Os vazios da casa/abrigo são provocados pela escultora para iniciarem diálogos com as obras da série “Cose di Casa”: amadurecem nostalgias – todo o espaço à nossa volta se desenha como interrogações. Os momentos entrelaçam-se, alguns com ímpeto fugidio, outros com o desejo de permanecer. As memórias sobrepõem-se em transparências e criam aspirações de baloiços apoiados em ramos de árvores indefinidas.
O branco, que lentamente tudo une, deixa vogar o aroma das sombras dos percursos e anos vividos em Itália e a eles acorrem os tons e calor de Cabo Verde, a luminosidade e aragem de Aveiro e os reflexos do rio, do Porto, espaços permanente registados nas histórias de criação de Marzia Bruno.
Sentindo o corpo em viagem, vivendo os lugares como quem atravessa uma moldura (ou um biombo), a escultora vai ao encontro de “campos” de poesia que transforma em trechos de apontamentos de memórias, discretos cenários que a acompanham numa itinerância assumida. Contudo, como o ar que se desloca, tudo se transforma: os objetos-registos de acontecimentos reorganizam-se, transferem sensações entre si. Por vezes, alternam identidades.

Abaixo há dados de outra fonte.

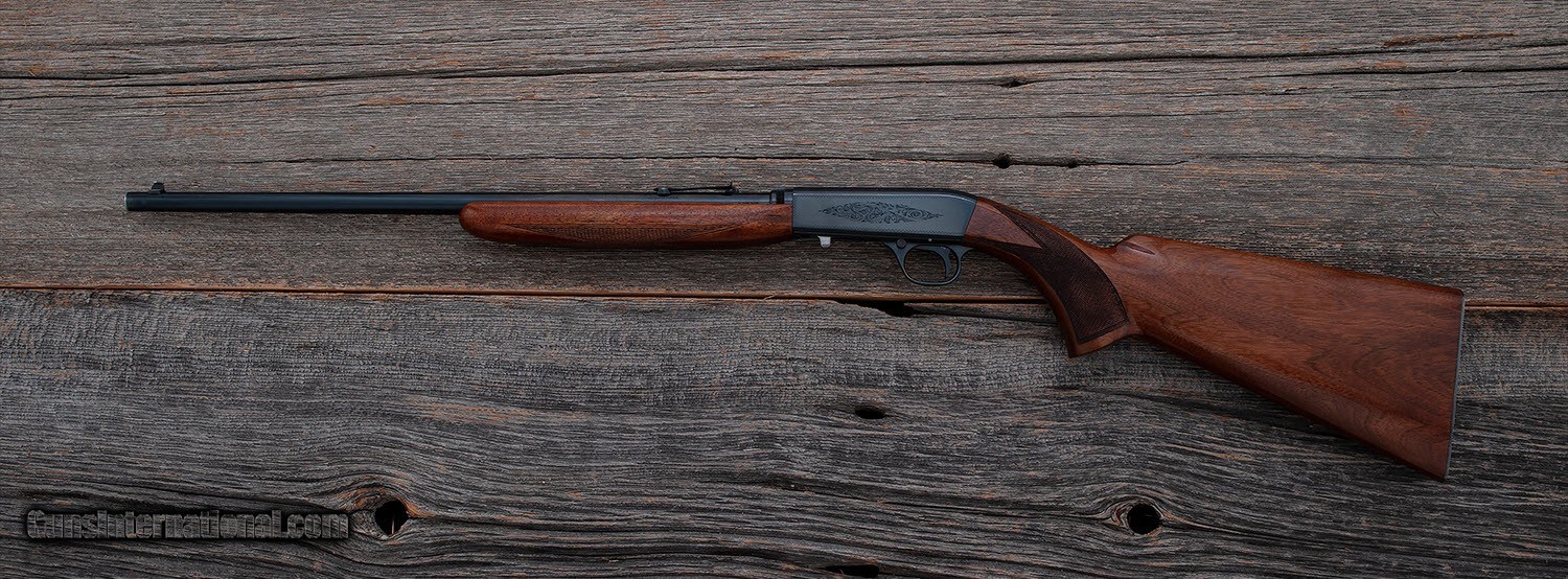 Description: Browning - Grade 1 - .22 Cal caliber - Item Number: BROP87915 Rifle type: Semi Auto Action: Semi-Auto Barrel length: 19 Sights: Factory Sights Weight: 5 lbs, oz Overall condition: Very Good Stock condition: Very Good Metal condition: Very Good Stock: Original finish Metal: Original finish Type of Case: none Finish: Blue Type of Butt: Factory Manufactured in: Belgium Lop: 13 3/4 " Hand: Right Comments : Rifle is in very good condition with some light handling marks. R-93 SOLD |

Marzia Bruno nasceu em Itália e fez o Curso de Escultura na Accademia di Belle Arti de Florença. Posteriormente fez o Mestrado em Estudos Artísticos, com especialização em Estudos Museológicos e Curadoriais, na Faculdade de Belas Artes da Universidade do Porto e o Doutoramento em História da Arte Portuguesa na Faculdade de Letras da Universidade do Porto.
A ligação à cidade de Aveiro, para além da vivência quotidiana, intensificou-se com a investigação realizada no âmbito do mestrado (inventariação e análise da coleção da Arte Pública da cidade) bem como com a experiência de curadoria concretizada na exposição Identidades: Circunstâncias Transversais no Centro Cultural e de Congressos de Aveiro, em 2013. A curadoria é uma das áreas de interesse e reflexão de Marzia Bruno o que a conduziu a várias realizações das quais destaco “A Glimmer of Freedom” para o ex-Campo de Concentração do Tarrafal (Cabo Verde), “Identidades: Âncoras de Passagem” no Convento de São Francisco na Ribeira Grande de Santiago (Cabo Verde) e “Identidades: Variáveis Convergentes” na Casa-Museu Abel Salazar” (S. Mamede de Infesta). A reflexão sobre as temáticas da Identidade são uma presença constante na obra de Marzia Bruno que a atual exposição de novo expressa.
Esta morada temporária ressoa nas sombras e permite que as obras se alonguem, se entreguem um tempo alternativo… Por vezes parece querer transformá-las em ramos e flores, outras vezes impõe o silêncio. Outras vezes ainda chama “os vazios” a criar novas narrativas, como assemblages, que concentram memórias e histórias do percurso da autora como escultora, curadora, historiadora, inacessíveis a um olhar alheio mas provocadoras… Sempre itinerantes. Esta morada temporária deixa-se fundir com as obras; as obras modelam o espaço com formas, aragens e sons – das terras percorridas, das conversas em floração, dos objetos de um quotidiano discreto ou das ideias exuberantes trocadas ao luar – e nós somos convidados a Habitarmos a exposição como uma travessia, cada instalação ou obra individualizada implicitamente inundada de melancolia e de desejos-projetos.